My test.json file is this:

    {'attachment': [{'content_header': {'content-disposition': ['attachment; '
                                                        'filename="image006.jpg"'],
                                'content-id': ['<image006.jpg@01D35D21.756FEE10>']
     'body': [{'content': ' \n'
                  ' \n'
                  'From: eCard Delivery [mailto:ecards@789greeting.com] \n'
                  'Sent: Monday, November 13, 2017 9:14 AM\n'
                  'To: Zhang, Jerry (352A-Affiliate) '

                  'Subject: Warmest Wishes! You have a Happy Thanksgiving '
                  'ecard delivery!\n'
                  ' \n'
                  ' \tDear Jerry,\n'
     'header': {'date': '2017-11-14T08:20:42-08:00',

        'header': {'accept-language': ['en-US'],
                   'content-language': ['en-US'],
                   'content-type': ['multipart/mixed; '
                                    'boundary="--boundary-LibPST-iamunique-1500317751_-_-"'],
                   'date': ['Tue, 14 Nov 2017 08:20:42 -0800']
                   'subject': 'FW: Warmest Wishes! You have a Happy Thanksgiving '
                   'ecard delivery!'}}

^ Above here is the right format of the json file.

py_noob
  • 433
  • 2
  • 8
  • 17
  • The contents of the `test.json` shown in your question isn't in valid JSON syntax — so I doubt that's actually what's in it. – martineau Mar 14 '19 at 17:33
  • I removed some text as I wasn't supposed to share specific emails and names but the format is unchanged. – py_noob Mar 14 '19 at 17:39
  • @martineau added the valid json file the way it is. – py_noob Mar 14 '19 at 17:52
  • If that's the contents of your file, then the `json.loads()` would fail. – martineau Mar 14 '19 at 19:52
  • Sooo, tbh, you approached it going wayyyy left. If you're trying to find things related to `s/Subject` have `ubject` somewhere in the regex. You can also use something like `'([\'|\"][\S\s]+?[\'|\"])(?=\s|$)'` to capture things inside of the quotes. I give a more precise solution below – FailSafe Mar 14 '19 at 23:29
  • Something like this should work and is pretty short and to the point. `([\'|\"]*[\S]ubject[\S\s]+?[\'|\"]*)(?=\n|$)` – FailSafe Mar 14 '19 at 23:44

1 Answers1

0

Alrighty - So now given the fact that you original JSON file may not contain newline characters I'm hoping this works, and may even be more accurate

>>> string = '''{'attachment': [{'content_header': {'content-disposition': ['attachment; ''filename="image006.jpg"'],'content-id': ['<image006.jpg@01D35D21.756FEE10>'] 'body': [{'content': ' '' ''From: eCard Delivery [mailto:ecards@789greeting.com] ''Sent: Monday, November 13, 2017 9:14 AM''To: Zhang, Jerry (352A-Affiliate) ''Subject: Warmest Wishes! You have a Happy Thanksgiving ''ecard delivery!'' ''   Dear Jerry,' 'header': {'date': '2017-11-14T08:20:42-08:00','header': {'accept-language': ['en-US'], 'content-language': ['en-US'], 'content-type': ['multipart/mixed; ''boundary="--boundary-LibPST-iamunique-1500317751_-_-"'], 'date': ['Tue, 14 Nov 2017 08:20:42 -0800'] 'subject': 'FW: Warmest Wishes! You have a Happy Thanksgiving ' 'ecard delivery!'}}'''

>>> subjects_test = re.findall('([\'|\"]*[\S]ubject[\S\s]+?[\'|\"]+)(?=\n|$|\s|\})', string)

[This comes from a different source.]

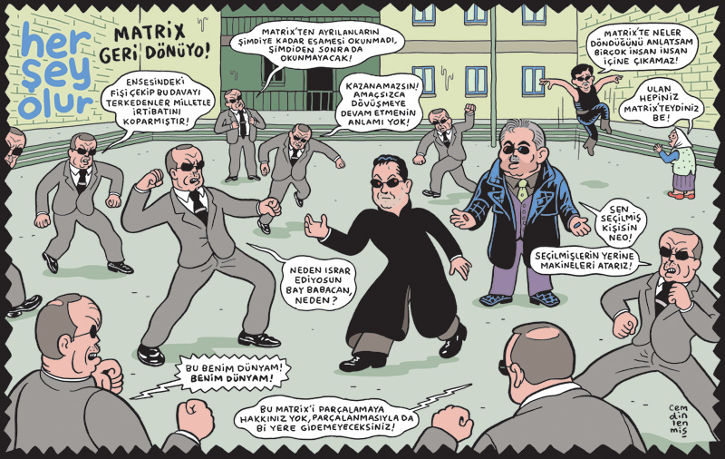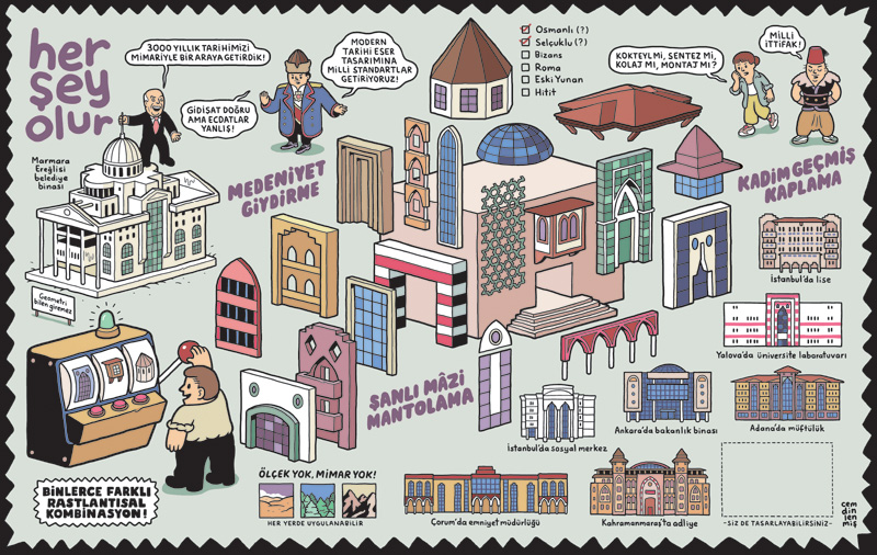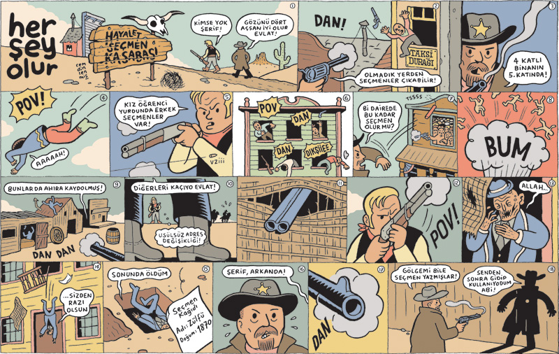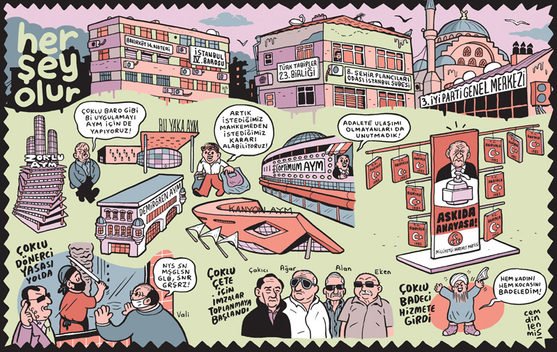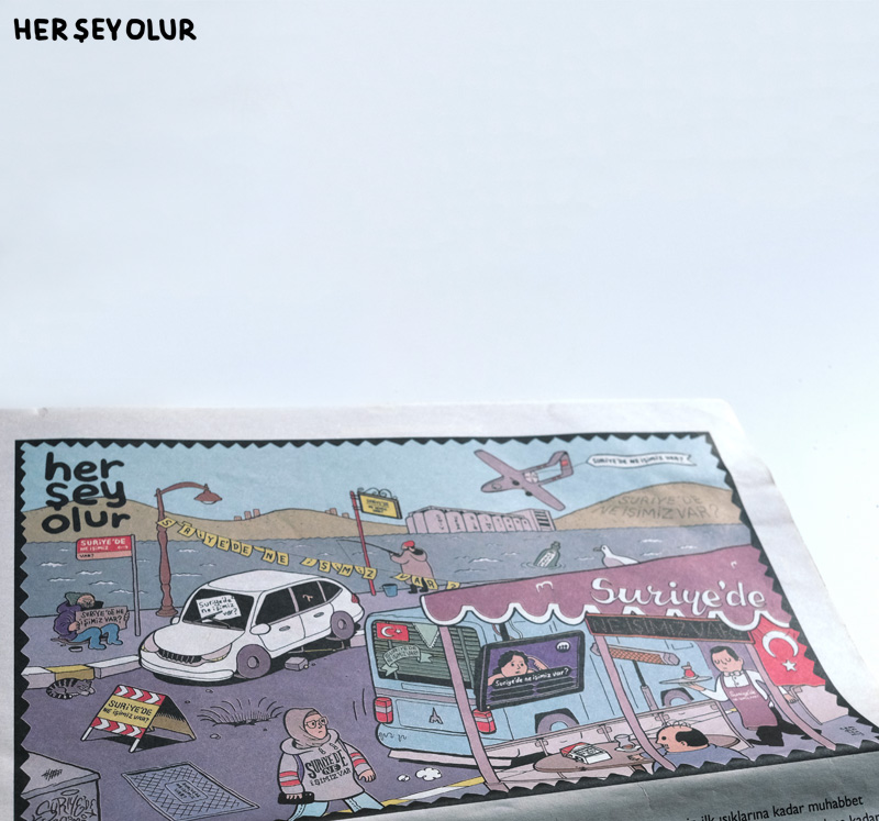 I’m an artist based in İstanbul. I studied graphic design in Marmara University, Faculty of Fine Arts. I began drawing my political comic series Her Şey Olur for Penguen Magazine in 2006. My latest book as a selected collection of the series has been published by İletişim Yayınları in 2018.

>>> for subject in subjects_test:
        print(subject)



#OUPUT: #Kind of off I guess, but I don't know the full format of the file so this is the safest bet    

''Subject: Warmest Wishes! You have a Happy Thanksgiving ''ecard delivery!''
'subject': 'FW: Warmest Wishes! You have a Happy Thanksgiving '

Edit - Given your comment below, using the String you supplied above. Hopefully I'm understanding your requirements. I use both regex samples I provided.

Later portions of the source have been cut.